Exercise goal: Please give back, word for word, each line from the start of the entries through the one in which "リバティ内で、インクとロット" is found.

Available data:
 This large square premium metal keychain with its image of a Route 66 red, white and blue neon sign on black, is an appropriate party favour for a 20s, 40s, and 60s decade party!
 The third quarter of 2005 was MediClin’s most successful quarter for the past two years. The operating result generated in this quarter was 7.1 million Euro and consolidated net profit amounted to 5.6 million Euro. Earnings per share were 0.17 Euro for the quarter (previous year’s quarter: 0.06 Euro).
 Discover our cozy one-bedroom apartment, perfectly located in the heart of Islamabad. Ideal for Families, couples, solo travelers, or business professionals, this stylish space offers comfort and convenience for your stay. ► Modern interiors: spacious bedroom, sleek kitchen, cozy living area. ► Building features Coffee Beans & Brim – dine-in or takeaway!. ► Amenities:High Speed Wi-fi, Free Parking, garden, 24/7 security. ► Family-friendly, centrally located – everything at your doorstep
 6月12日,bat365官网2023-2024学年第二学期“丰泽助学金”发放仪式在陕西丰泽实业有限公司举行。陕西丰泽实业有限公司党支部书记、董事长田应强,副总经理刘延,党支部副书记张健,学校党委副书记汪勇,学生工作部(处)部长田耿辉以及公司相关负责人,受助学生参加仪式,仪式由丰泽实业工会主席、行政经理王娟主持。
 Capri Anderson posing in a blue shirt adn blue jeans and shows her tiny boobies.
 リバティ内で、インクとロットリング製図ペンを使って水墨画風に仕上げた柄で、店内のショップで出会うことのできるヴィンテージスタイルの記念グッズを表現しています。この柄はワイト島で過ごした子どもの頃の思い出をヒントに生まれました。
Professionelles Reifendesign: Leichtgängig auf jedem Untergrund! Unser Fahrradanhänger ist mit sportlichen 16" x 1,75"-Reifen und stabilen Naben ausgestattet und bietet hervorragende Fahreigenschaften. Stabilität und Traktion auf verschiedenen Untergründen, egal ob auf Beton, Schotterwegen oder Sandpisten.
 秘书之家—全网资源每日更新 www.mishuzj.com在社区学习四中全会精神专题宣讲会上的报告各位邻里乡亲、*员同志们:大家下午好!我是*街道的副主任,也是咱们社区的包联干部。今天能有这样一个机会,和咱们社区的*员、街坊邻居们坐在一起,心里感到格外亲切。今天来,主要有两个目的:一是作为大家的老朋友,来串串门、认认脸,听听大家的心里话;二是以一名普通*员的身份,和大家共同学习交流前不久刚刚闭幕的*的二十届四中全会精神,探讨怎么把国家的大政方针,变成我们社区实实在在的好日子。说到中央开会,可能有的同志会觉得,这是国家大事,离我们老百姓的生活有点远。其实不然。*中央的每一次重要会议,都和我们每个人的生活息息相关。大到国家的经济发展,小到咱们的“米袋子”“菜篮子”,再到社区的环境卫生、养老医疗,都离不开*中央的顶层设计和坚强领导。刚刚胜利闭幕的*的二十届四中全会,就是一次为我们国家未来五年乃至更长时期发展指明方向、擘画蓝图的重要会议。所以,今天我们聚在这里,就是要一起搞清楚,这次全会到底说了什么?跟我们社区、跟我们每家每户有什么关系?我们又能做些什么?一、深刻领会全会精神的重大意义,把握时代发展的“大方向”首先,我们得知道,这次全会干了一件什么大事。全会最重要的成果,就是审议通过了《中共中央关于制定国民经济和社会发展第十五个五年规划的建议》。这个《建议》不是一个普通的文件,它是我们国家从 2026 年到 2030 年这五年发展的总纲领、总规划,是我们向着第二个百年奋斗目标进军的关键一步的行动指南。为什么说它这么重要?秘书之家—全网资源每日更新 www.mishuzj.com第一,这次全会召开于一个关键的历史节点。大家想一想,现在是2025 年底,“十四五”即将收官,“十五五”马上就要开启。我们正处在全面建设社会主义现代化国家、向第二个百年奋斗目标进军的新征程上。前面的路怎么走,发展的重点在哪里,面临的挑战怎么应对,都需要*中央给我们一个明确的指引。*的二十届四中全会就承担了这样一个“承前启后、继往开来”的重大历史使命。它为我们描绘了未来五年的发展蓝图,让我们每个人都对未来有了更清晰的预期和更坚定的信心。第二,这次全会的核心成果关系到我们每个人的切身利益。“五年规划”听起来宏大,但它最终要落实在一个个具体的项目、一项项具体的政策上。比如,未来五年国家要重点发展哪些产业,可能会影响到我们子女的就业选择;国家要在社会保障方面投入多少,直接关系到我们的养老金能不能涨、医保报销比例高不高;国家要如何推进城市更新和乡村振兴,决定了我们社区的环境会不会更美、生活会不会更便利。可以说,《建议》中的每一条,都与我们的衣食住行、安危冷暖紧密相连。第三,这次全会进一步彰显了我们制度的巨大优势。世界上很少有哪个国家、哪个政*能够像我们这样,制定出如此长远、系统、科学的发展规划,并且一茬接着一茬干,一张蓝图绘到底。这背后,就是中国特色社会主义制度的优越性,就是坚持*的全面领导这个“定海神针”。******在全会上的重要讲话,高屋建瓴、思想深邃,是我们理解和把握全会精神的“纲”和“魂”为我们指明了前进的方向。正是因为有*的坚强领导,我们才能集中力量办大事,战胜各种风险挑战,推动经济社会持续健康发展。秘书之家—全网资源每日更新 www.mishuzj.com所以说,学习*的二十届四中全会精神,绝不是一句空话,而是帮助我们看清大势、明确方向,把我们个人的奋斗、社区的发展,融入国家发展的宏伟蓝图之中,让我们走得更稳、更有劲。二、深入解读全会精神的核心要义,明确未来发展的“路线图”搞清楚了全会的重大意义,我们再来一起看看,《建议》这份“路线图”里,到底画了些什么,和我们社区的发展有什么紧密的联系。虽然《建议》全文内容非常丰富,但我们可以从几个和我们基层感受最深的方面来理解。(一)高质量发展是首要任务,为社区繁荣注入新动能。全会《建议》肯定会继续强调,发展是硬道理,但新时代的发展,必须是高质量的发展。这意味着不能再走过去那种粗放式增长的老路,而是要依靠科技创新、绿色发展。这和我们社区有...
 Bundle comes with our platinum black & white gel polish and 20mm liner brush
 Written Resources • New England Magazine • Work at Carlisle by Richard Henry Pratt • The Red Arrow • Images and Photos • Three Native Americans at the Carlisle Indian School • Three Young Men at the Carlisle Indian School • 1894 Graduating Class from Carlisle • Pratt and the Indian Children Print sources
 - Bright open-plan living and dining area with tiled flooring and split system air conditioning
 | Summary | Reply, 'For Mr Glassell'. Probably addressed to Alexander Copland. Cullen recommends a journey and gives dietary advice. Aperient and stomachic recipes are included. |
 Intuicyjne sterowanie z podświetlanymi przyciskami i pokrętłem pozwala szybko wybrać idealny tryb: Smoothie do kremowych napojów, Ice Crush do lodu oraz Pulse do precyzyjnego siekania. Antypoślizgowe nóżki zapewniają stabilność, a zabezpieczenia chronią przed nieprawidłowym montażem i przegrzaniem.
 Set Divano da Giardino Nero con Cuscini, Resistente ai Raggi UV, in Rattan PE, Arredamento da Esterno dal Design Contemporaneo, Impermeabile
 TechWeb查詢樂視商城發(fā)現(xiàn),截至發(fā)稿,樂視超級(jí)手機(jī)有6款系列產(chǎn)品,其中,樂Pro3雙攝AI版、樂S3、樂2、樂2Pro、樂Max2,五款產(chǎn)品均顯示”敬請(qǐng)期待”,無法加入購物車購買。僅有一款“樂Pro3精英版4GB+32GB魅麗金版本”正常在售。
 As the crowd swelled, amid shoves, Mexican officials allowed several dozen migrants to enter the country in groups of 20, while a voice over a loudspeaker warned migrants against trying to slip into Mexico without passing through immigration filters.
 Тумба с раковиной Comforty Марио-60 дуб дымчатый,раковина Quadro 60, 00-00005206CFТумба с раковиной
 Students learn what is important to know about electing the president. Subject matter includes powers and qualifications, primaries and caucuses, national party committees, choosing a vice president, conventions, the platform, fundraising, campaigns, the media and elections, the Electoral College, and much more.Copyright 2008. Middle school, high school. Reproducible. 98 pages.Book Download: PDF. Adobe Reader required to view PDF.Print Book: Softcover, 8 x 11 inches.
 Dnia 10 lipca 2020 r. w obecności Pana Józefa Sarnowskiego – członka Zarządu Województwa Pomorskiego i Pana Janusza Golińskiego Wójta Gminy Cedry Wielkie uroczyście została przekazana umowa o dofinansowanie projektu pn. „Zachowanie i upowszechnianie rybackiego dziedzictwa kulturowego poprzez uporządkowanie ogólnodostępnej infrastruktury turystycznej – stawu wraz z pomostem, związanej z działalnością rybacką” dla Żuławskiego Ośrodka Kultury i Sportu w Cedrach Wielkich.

Response to the task:
 This large square premium metal keychain with its image of a Route 66 red, white and blue neon sign on black, is an appropriate party favour for a 20s, 40s, and 60s decade party!
 The third quarter of 2005 was MediClin’s most successful quarter for the past two years. The operating result generated in this quarter was 7.1 million Euro and consolidated net profit amounted to 5.6 million Euro. Earnings per share were 0.17 Euro for the quarter (previous year’s quarter: 0.06 Euro).
 Discover our cozy one-bedroom apartment, perfectly located in the heart of Islamabad. Ideal for Families, couples, solo travelers, or business professionals, this stylish space offers comfort and convenience for your stay. ► Modern interiors: spacious bedroom, sleek kitchen, cozy living area. ► Building features Coffee Beans & Brim – dine-in or takeaway!. ► Amenities:High Speed Wi-fi, Free Parking, garden, 24/7 security. ► Family-friendly, centrally located – everything at your doorstep
 6月12日,bat365官网2023-2024学年第二学期“丰泽助学金”发放仪式在陕西丰泽实业有限公司举行。陕西丰泽实业有限公司党支部书记、董事长田应强,副总经理刘延,党支部副书记张健,学校党委副书记汪勇,学生工作部(处)部长田耿辉以及公司相关负责人,受助学生参加仪式,仪式由丰泽实业工会主席、行政经理王娟主持。
 Capri Anderson posing in a blue shirt adn blue jeans and shows her tiny boobies.
 リバティ内で、インクとロットリング製図ペンを使って水墨画風に仕上げた柄で、店内のショップで出会うことのできるヴィンテージスタイルの記念グッズを表現しています。この柄はワイト島で過ごした子どもの頃の思い出をヒントに生まれました。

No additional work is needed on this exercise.